Wednesday, October 31, 2012

Still obsessed and still sad

For the millionth time, I have watched, and rewatched, and glued myself to my laptop, the last season of the Bachelorette.  Fortunately, I am not the only female/or male to have done this.  I do read the other websites where you can leave comments.  The comment sections are such a riot to read anyway.  I don't feel so alone in my obsession with one F and Em............I just can't figure out what went wrong when everything seemed so right with those two.  But, I was not a fly on the wall when it all went down.  I do think that the break up was pressure related with all the garbage being printed about the two.  How can you possibly have a life when you are scrutinized 24/7 by press that stink of animal smells constantly.  I don't need to name names when it comes to garbage press.........my heart tells me that the breakup is a cover for them.  Somewhere, and sometime down the road , these two shall meet and be a couple once again.  Can you tell my fingers, legs, arms, eyes are so crossed with hope??? !!!!!! Maybe I am a foolish romantic.  We need more one F's in this world and  more gracious woman such as Em............one thing for certain, my obsession with these two is slowly diminishing.  It was fun while it lasted.  I just want to them to be happy, content, and full of life.  Whether it be together or apart.......life is way too short to not be happy.

Monday, October 29, 2012

Obsession with one F

First blog, but definitely not my first obsession....purpose of the blog, to detail my now new addiction to reality TV, ie Bachelorette and the latest demise of the cutest darn couple that ever appeared on the show.  Loved watching the show, loved Jef with one "F" Holm fall crazy in love with Ms.
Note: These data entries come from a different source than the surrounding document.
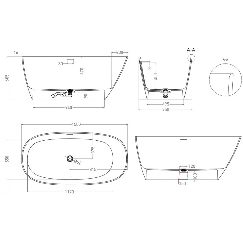 | Расположение ванны: | Отдельностоящая |
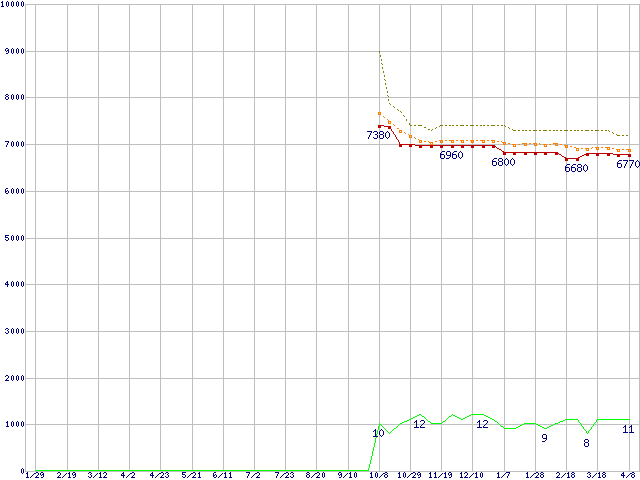 Athlon II X2 250e (3.0GHz,L2 1MB×2,TDP 45W)の価格推移↑前グラフ↓次グラフ(2010年1月29日〜2011年4月8日)※このグラフは過去のデータも税率5%相当に調整した税込み相当額のグラフです。●関連グラフCPU主要製品の最安値推移CPU主要製品(最安値1万円未満)の最安値推移AMD系CPUの最安値推移Socket AM3 (Dual Core)の最安値推移●凡例最安値(点線部は販売店未確認または未調査)平均値最高値ショップ数
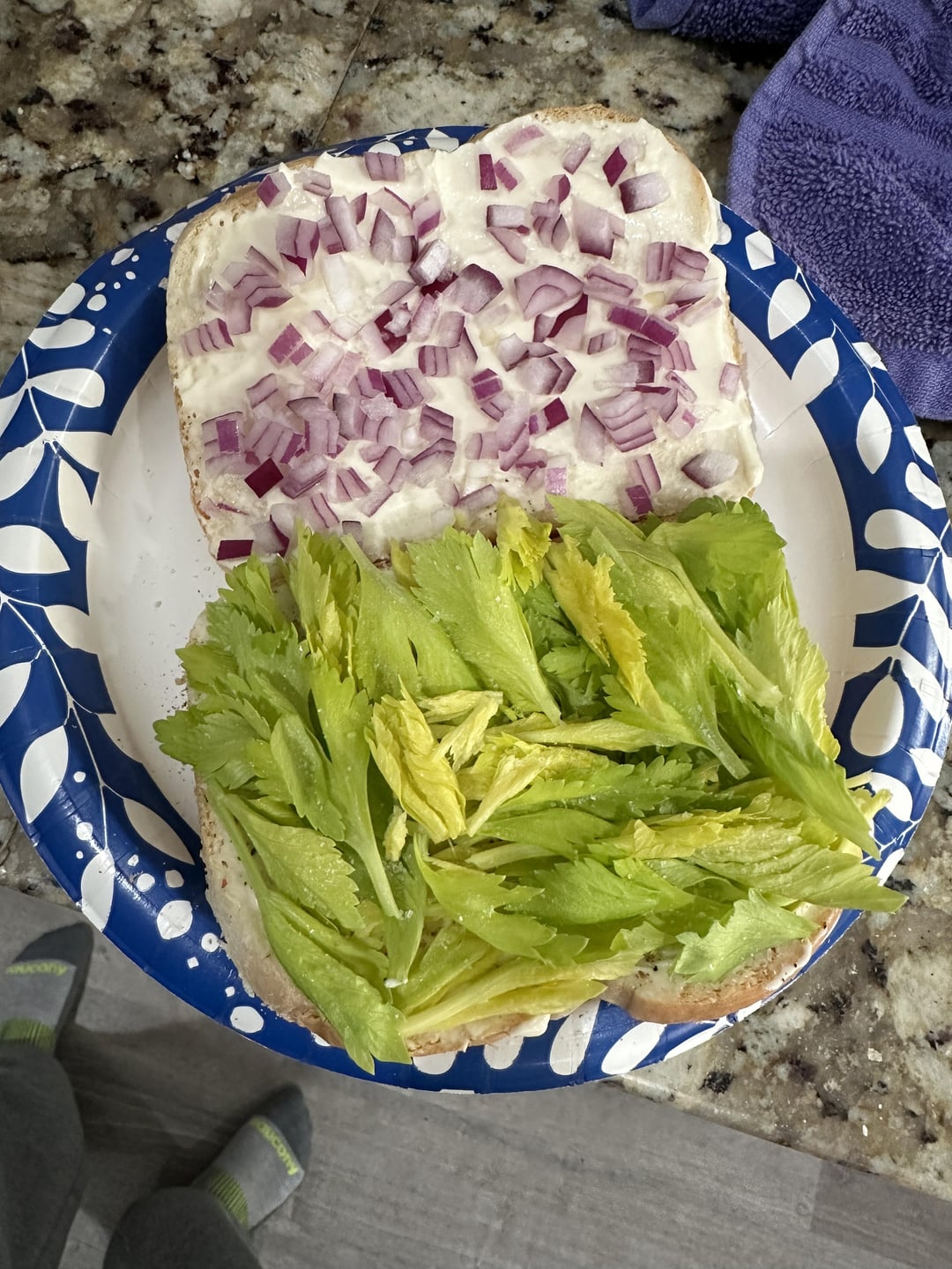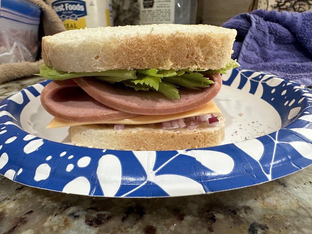 Beef bologna, kraft singles, red onion, celery leaves, mayo, & cracked black pepper on sourdough!by JensElectricWood Write A CommentYou must be logged in to post a comment.

Emily Maynard and hoped with all my might, that their storybook ending would come to real life.  By the way, I did catch a few episodes of her via you tube with Brad Womack......no chemistry at all.  With that said, I have developed a mild if not extreme addiction to wanting them to be happy.  Both of them. Not just one F, but Em, too.......and Ricki, also.  I thought just like everyone else that this was going to be a match made in heaven.  But the flood gates have opened up and it's not meant to be I guess.  Still keep hoping that a miracle will happen though.  Never doubt the impossible..........for those who care, I'm not older than dirt, but close to it and old enough to know better.  But why do I want to know better?  This is way far more fun than being a stuffy, married woman with nothing better to do (when not working my ass off).  I've developed a passion for social media.  Am I being nosy?  Maybe.  Am I curious?  You bet.  So as I read the Sulia accounts of several people that I follow, the horrible tabloids that reek of dead animals (these fuel my passion to search for the truth.  Something they obviously don't give a rats ass about), and read the lovely twitter posts of several people I also follow, I will continued to support our local homeboy and wish him only the best.   And, then there is also the great People Water company that I have followed for a long time now.  Way before I knew that one "F" was part of this great company.  And, yes I do drink their water and my watch from them tells fabulous time......like now.....it's time to move on with my obsession and see what other kind of trouble I can find myself in...................more later................maybe on why one "F" has such a sense of humor that sometimes makes my cry with laughter!!